** Opening MATERIALS PROVIDED block **

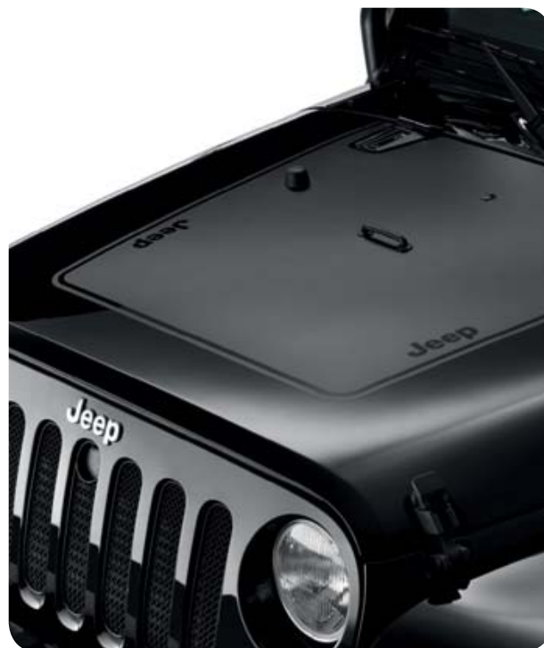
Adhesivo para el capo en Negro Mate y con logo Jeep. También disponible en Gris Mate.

** Closing MATERIALS PROVIDED block **
** Opening MATERIALS PROVIDED block **

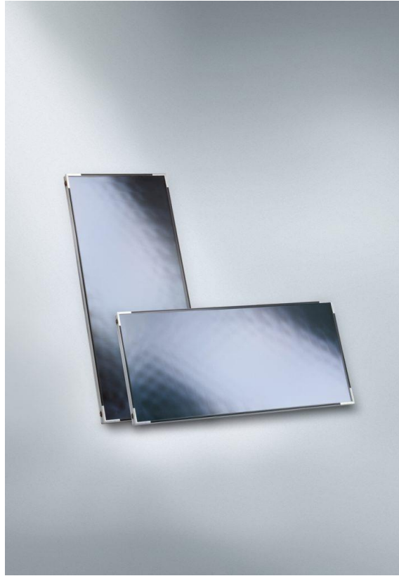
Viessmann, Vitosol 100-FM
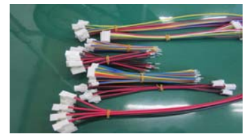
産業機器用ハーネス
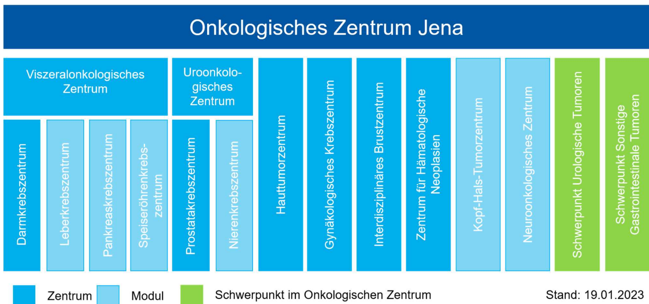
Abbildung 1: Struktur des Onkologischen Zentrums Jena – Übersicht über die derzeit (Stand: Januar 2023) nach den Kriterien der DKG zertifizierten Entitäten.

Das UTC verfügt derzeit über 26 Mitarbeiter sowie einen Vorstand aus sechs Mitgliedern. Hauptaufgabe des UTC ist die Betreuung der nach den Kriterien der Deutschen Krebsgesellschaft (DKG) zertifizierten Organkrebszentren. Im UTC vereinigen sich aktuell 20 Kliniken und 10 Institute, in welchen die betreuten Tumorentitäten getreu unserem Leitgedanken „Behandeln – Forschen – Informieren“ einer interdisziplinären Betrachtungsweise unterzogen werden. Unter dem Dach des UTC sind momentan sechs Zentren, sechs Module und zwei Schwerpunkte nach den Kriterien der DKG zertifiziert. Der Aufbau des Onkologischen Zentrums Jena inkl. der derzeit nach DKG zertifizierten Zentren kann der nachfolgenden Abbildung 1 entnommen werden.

** Closing MATERIALS PROVIDED block **

> **WORK REQUIRED**
The expected output is every line of the records in which the string "Abbildung" appears.

> **WRITTEN RESPONSE**
Abbildung 1: Struktur des Onkologischen Zentrums Jena – Übersicht über die derzeit (Stand: Januar 2023) nach den Kriterien der DKG zertifizierten Entitäten.
Das UTC verfügt derzeit über 26 Mitarbeiter sowie einen Vorstand aus sechs Mitgliedern. Hauptaufgabe des UTC ist die Betreuung der nach den Kriterien der Deutschen Krebsgesellschaft (DKG) zertifizierten Organkrebszentren. Im UTC vereinigen sich aktuell 20 Kliniken und 10 Institute, in welchen die betreuten Tumorentitäten getreu unserem Leitgedanken „Behandeln – Forschen – Informieren“ einer interdisziplinären Betrachtungsweise unterzogen werden. Unter dem Dach des UTC sind momentan sechs Zentren, sechs Module und zwei Schwerpunkte nach den Kriterien der DKG zertifiziert. Der Aufbau des Onkologischen Zentrums Jena inkl. der derzeit nach DKG zertifizierten Zentren kann der nachfolgenden Abbildung 1 entnommen werden.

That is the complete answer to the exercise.